(rahaeli) For those of you who don't speak geek, I'll do a translation and explanation of some of the geek terms that are probably going to be thrown around over the next few hours!
(For those of you who do speak geek: yeah, I know, I'm oversimplifying in a lot of cases.)
BigIP: The BigIP is a piece of hardware that sits at the very front of our network, and acts as the doorman. When a request knocks on our door, the BigIP finds the webserver that's least busy and says "hey, go over there." Of course, it works a heck of a lot faster than any person could.
CAPTCHA: Stands for "Completely Automated Public Turing Test to Tell Computers and Humans Apart". (Yeah, I know, the acronym and the expansion don't quite match.) These are those little "prove you're a human" graphics you see when you create a new account or sometimes when you comment anonymously. There's a very slight chance that we might run out of pre-stored captchas during the move, which means that people might not be able to create accounts or comment anonymously, since the job that makes more of them won't be running.
cron / cron job: A cron job is like an automated set of instructions that'll run at a set time. We use cron jobs to schedule maintenance tasks. Most of them are invisible to you guys, but some examples are things like the emails that go out to warn people whose accounts are about to expire. We schedule those to run on a regular basis, so nobody has to manually sit there and send out all those emails. Part of the move is making sure that all the cron jobs are running on the right machines at the right time.
DNS: DNS stands for "Domain Name Service". It's what your computer uses to know that requests for "http://www.livejournal.com" should come to our computers, but "http://www.google.com" should go to Google, for instance. Part of what we're doing tonight is the Internet equivalent of filling out a "change of address" card with the post office -- telling all the "address books" on the Internet that we've moved.
IP address: Your IP address is what distinguishes your computer from every other community on the Internet. Every machine on the Internet has an IP address. DNS (see above) is what maps an IP address to a domain name. Because we're switching to a new provider, our IP address is changing, which means that we're going to have to broadcast a new IP address through DNS.

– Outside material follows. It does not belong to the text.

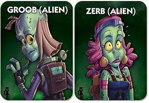 Each player receives one card (face down, which they look at secretly). While you may use any number of Aliens, we recommend using a combination of two Aliens (any two regular Aliens, Groob, or Zerb) for the best results.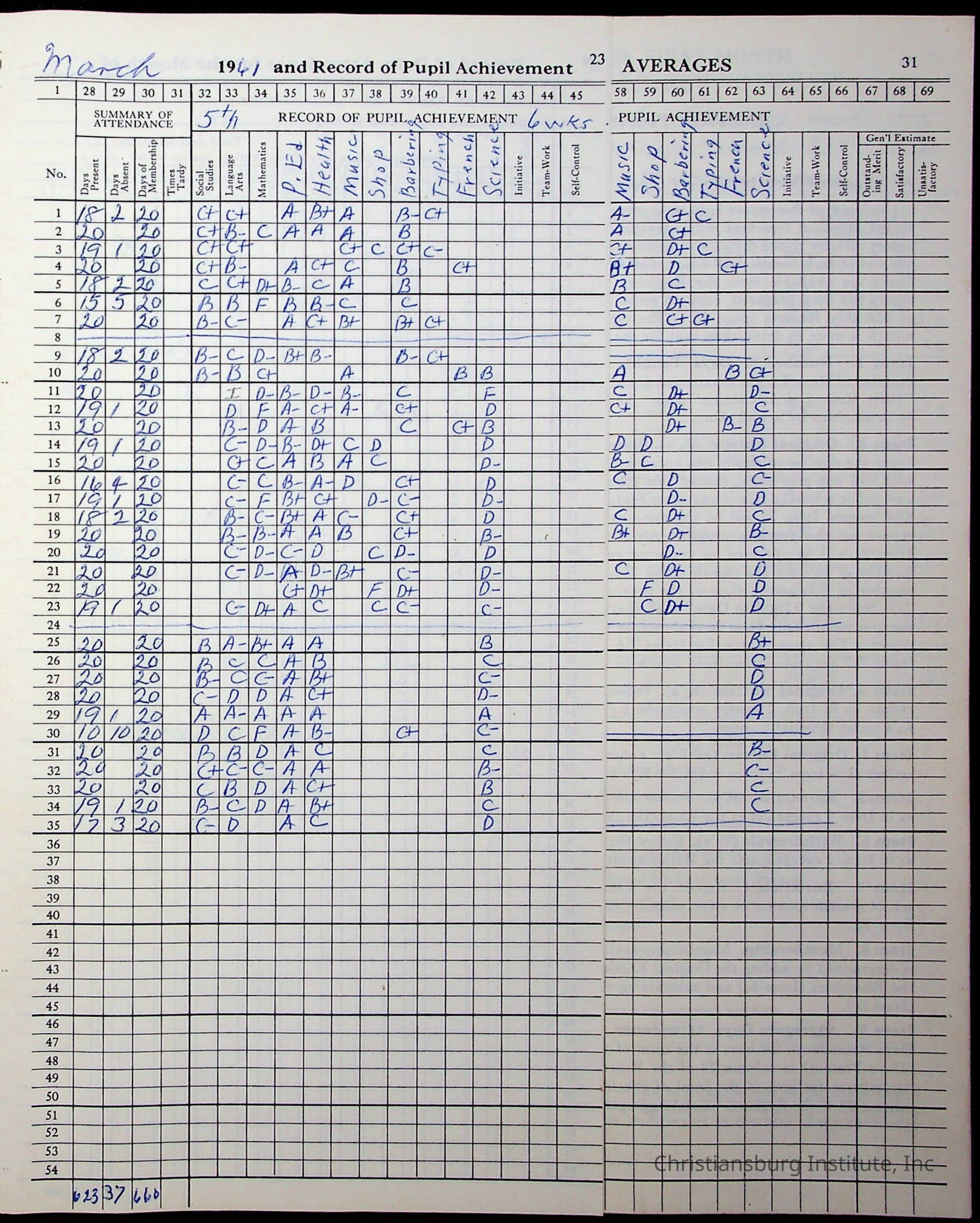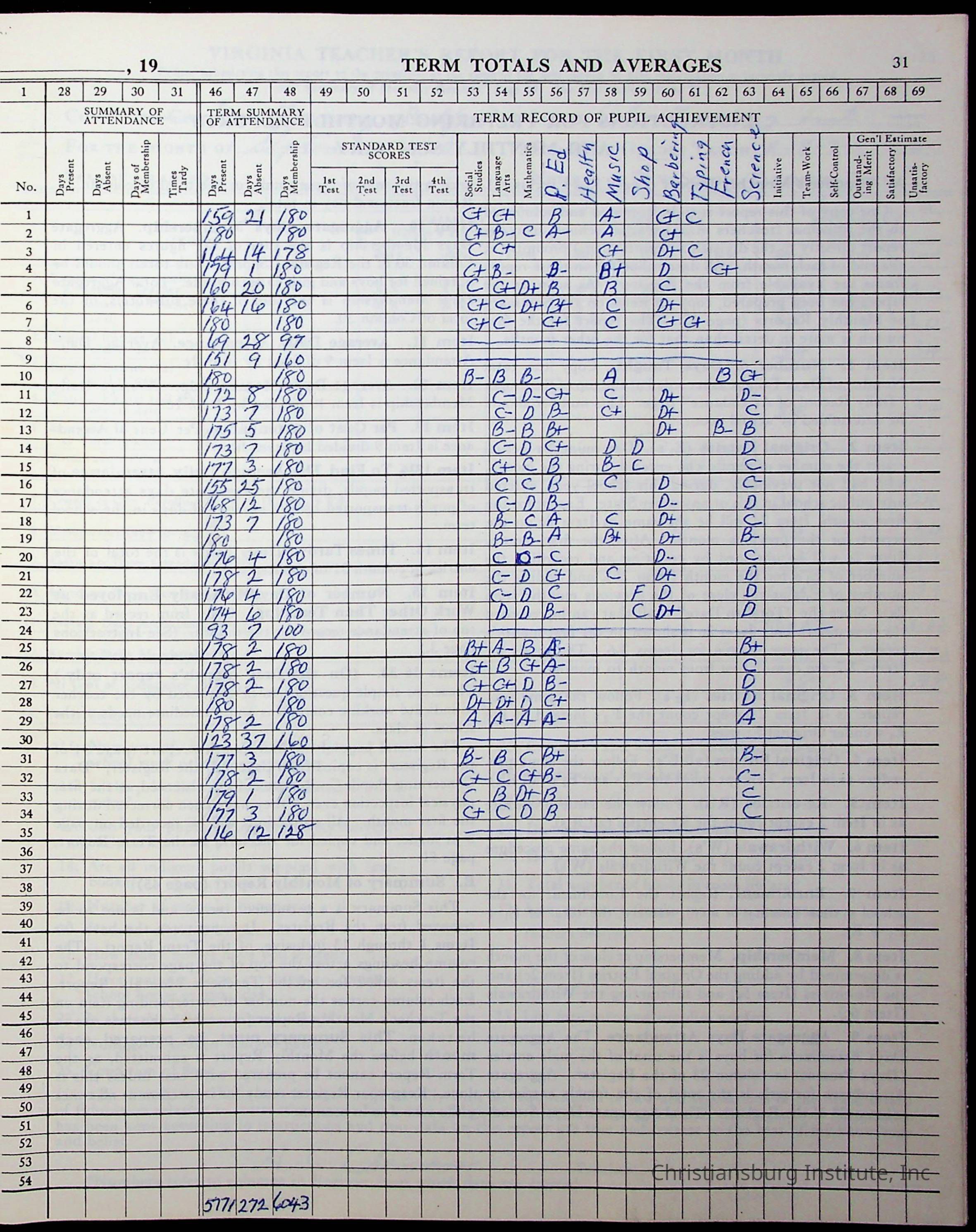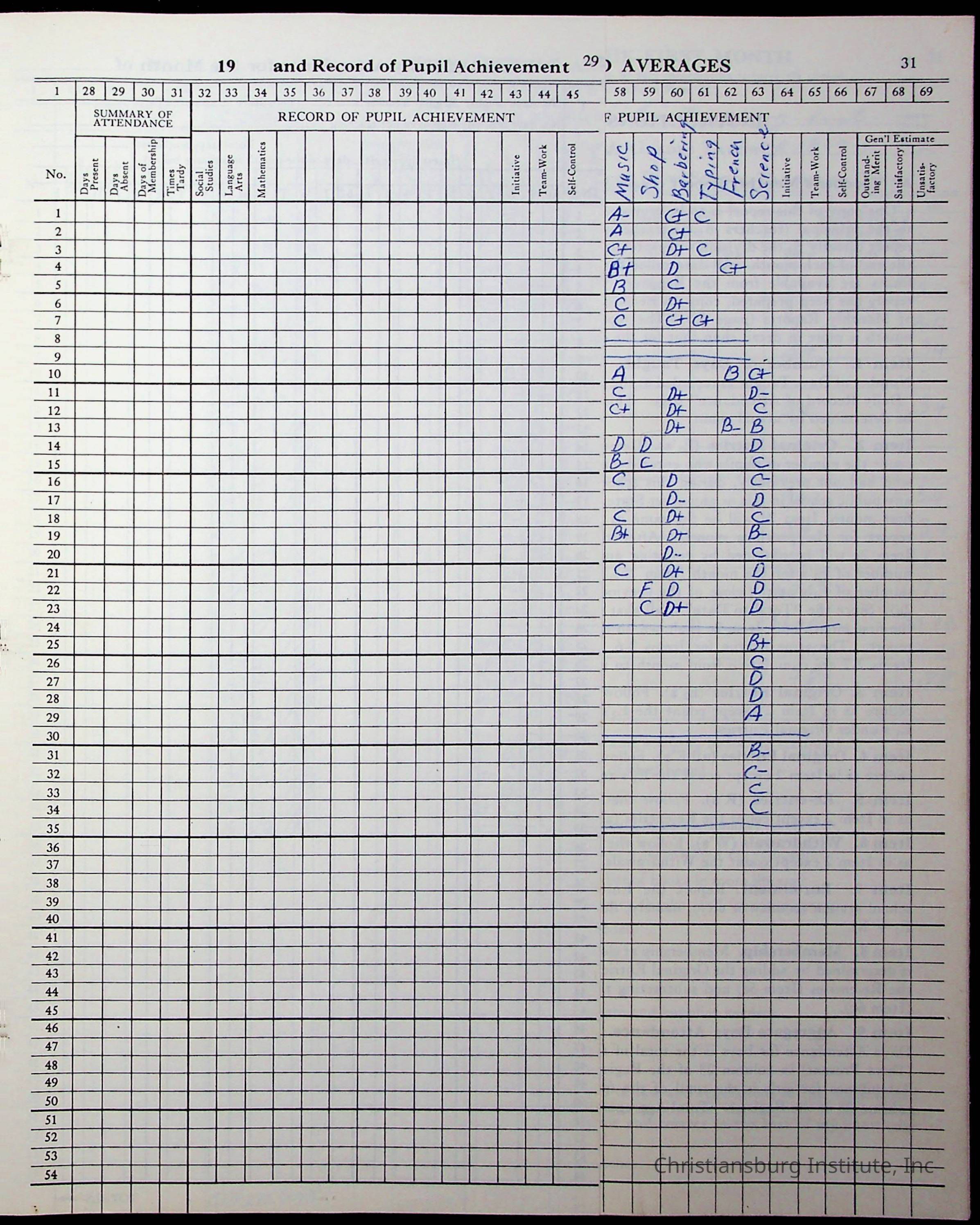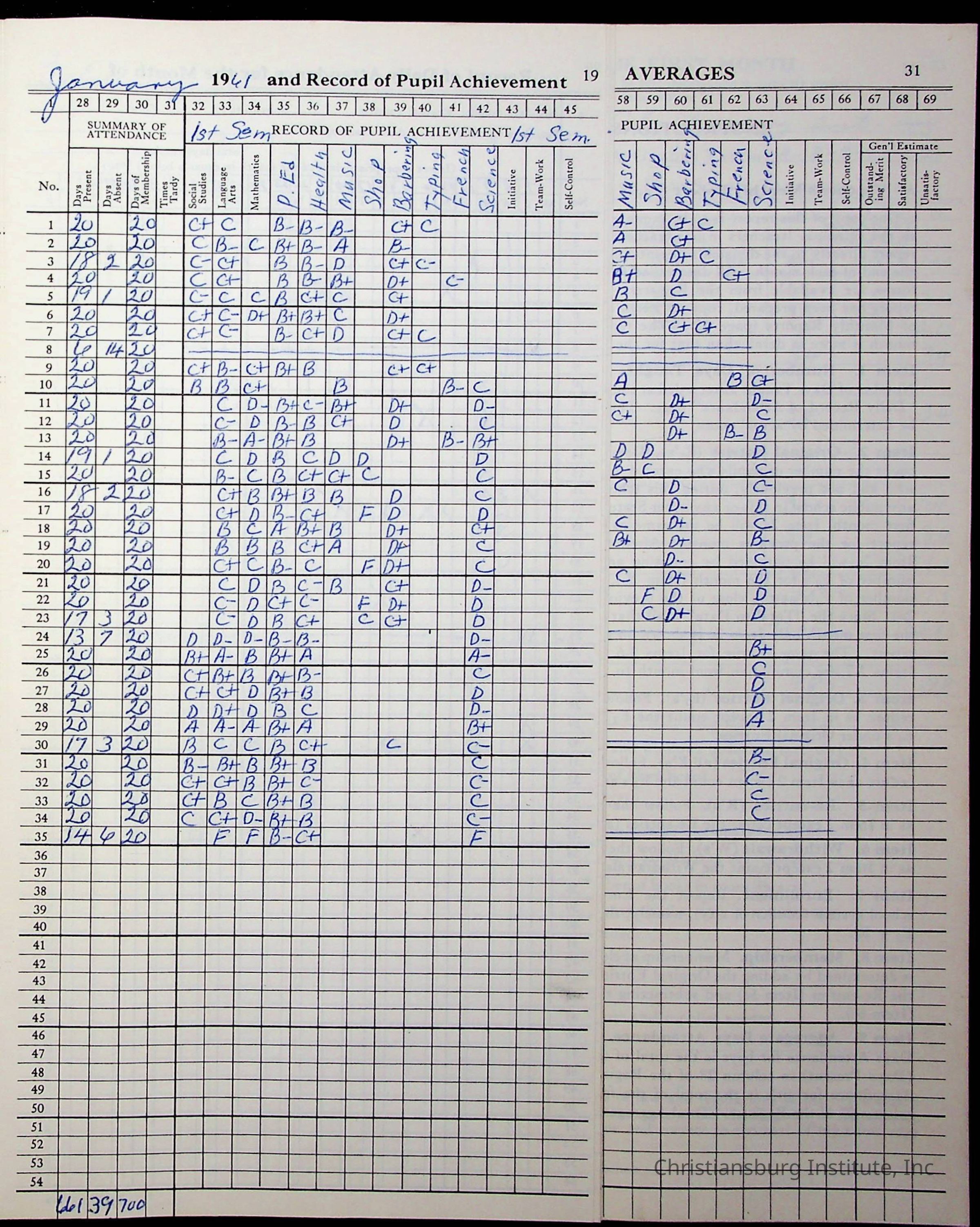 Hattie E. Clemons' Virginia teacher's register book for the school year 1960-1961 for Radford boy students at Christiansburg Institute including information about her students, their attendance, and course grades.Collection

mailgate: This is the process that handles all the mail coming into LiveJournal and makes sure that it goes where it needs to go. It handles things like emailed Support requests, picture posts, mobile posts, etc.
memcache/memcached: Memcache is something that we came up with to store the most-frequently-used data in our servers' memory, instead of having to load it all from the database every time someone needs it. We do this because reading from memory is fast, and reading from the database's disks is slow. Of course, we're talking about fractions of a second, but when we're dealing with eight million of you, fractions of a second add up quickly!
mogile: In traditional LiveJournal fashion, we couldn't find a file arrangement system that we liked, so we wrote our own! MogileFS -- an anagram of "omg files" -- is what stores and retrieves all of our data files, like userpics and phone posts. Of course, it's a little more complicated than just your hard drive ...
nfs: NFS is a way of making sure that a bunch of different computers on a network can share a single bunch of files. It basically pretends that a hard drive on a different computer is really on your computer. That way, we can have all of the LJ files in one place, and all the other computers on the network can use that server, instead of having to copy files all over to our hundreds of different web servers.
perlbal: If the BigIP is the hardware doorman of the network, perlbal (short for "perl balancer" -- perl is the computer language it's written in) is the software doorman. It's a piece of software that takes all the connections in and makes sure that they go to the right place.
replication: When you've got two databases talking to each other, replication is the process of them sharing information back and forth. There are a bunch of different possible database configurations, but in all of them, data is passed back and forth pretty regularly. Part of tonight's move involves starting and stopping replication back and forth from various databases.
smtp: Stands for Simple Mail Transport Protocol. This is what handles all the mail going out -- comment notification emails, Support request responses, and mail to your @livejournal.com email.
ttl: Time To Live. To really explain this I'd have to draw pictures! It's a setting that you can use in your DNS server configuration, to tell your DNS server how long to cache the answer. Basically, when your computer asks "Hey, if I want to go to www.livejournal.com, what IP address does that correspond to?", the server says "Here's the address!" It doesn't do that every time, though, to make things faster -- it saves the answer for later. By setting a low TTL, we make it go back and look up the real answer more frequently, in case it changes. Part of tonight involves setting a low TTL. Kind of like your pesky little brother -- every five minutes, it's going to poke us and whine, "Hey, didja move yet? Didja move yet? Didja mooooooove yet?"
And there you have it! If our engineers wind up using any terms that I haven't covered, I'll hop in and try to define them.